Another test overnight was beaten back but it's looking a matter of when, not if, the level breaks
This morning I spoke to Tip Tv about the 100 level in USDJPY. There's no denying it's become a big level. Each time it gets tested the sellers chip away at the buyers resolve but they're still hanging in there.
The chart below paints the best picture of what's happening right now.
USDJPY H4 chart
There's plenty here for everyone. If you want to lean against the 100 level for longs, you can do so very tightly. If you're a seller from above, you know where you should think about profit taking. No matter what your view or position, you know where the main risk lies, and that's at 100.
The beauty of trading is that we can all have differing opinions about which way it will go.

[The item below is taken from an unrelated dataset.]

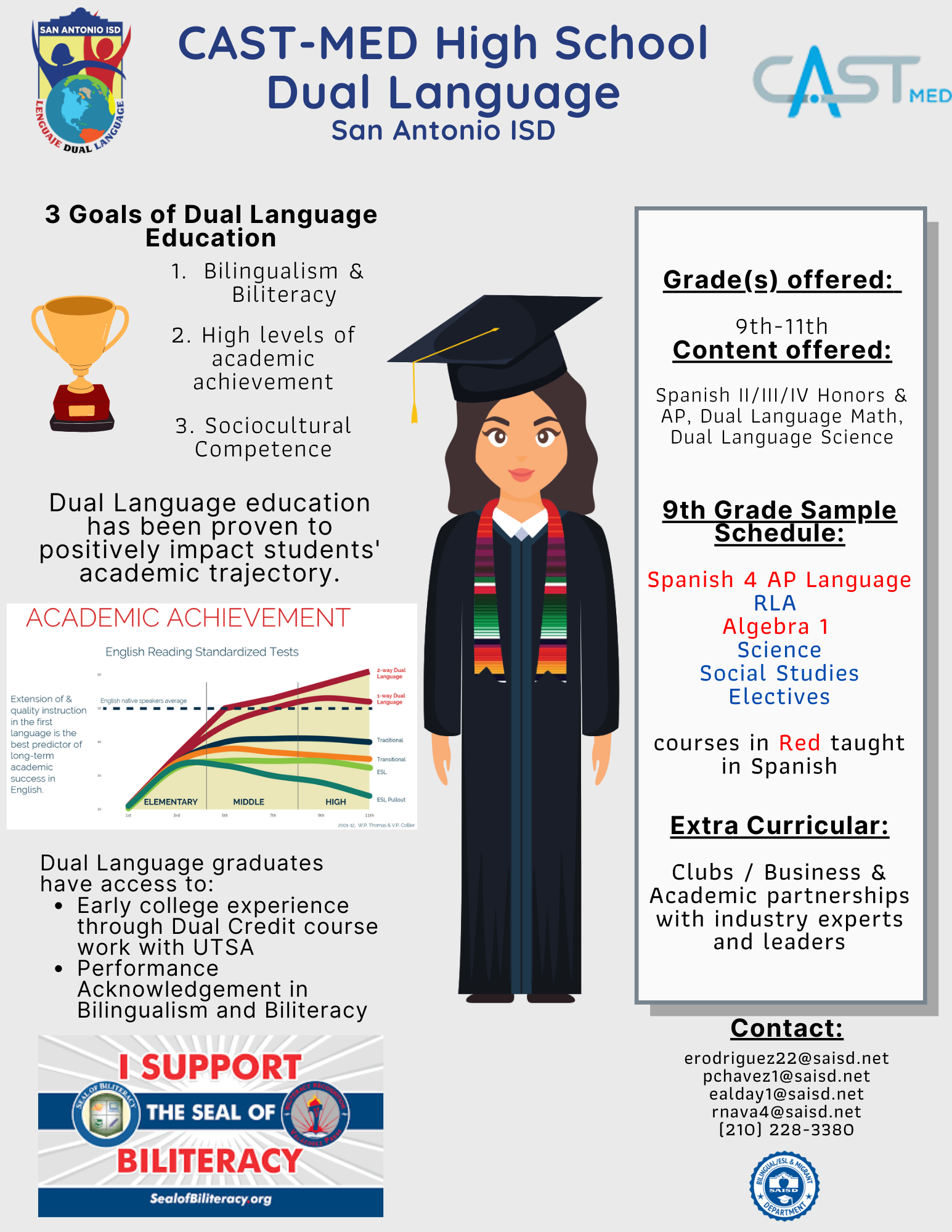 En CAST Med High School aportamos a la fuente de doctores, enfermeros, farmacéuticos, dentistas e investigadores que tanto se necesitan en el área de San Antonio con estudiantes que desean mejorar la salud de nuestra comunidad. Ofrecemos un énfasis en la medicina y la investigación biomédica.

The important part is that we trade those opinions correctly by assessing what's in front of us.
I've been happy to play longs from the level but I know where I've needed to look at getting out. I don't like the look of the 4hour chart for my strategy so each time I may trade it I bear that in mind and my stops stay close so I don't undo three or four good trades in one if it does blow up.
I think a break is coming soon as you can't ignore the selling pressure that's been in place all year. The longer it goes without breaking, the bigger the break will be. If we do look like breaking, I'll look to go with that break and maybe a short just under 99.80. In the first instance I'll keep a stop close just above 100 to guard against yet another fake out. A test and confirmation of a hold below 100.00 will be the real signal I'd be looking for to add to shorts.
Only a strong move above 102.00 would relieve some of this bearish pressure and that looks unlikely right now. As we always say though, don't guess, trade what you see.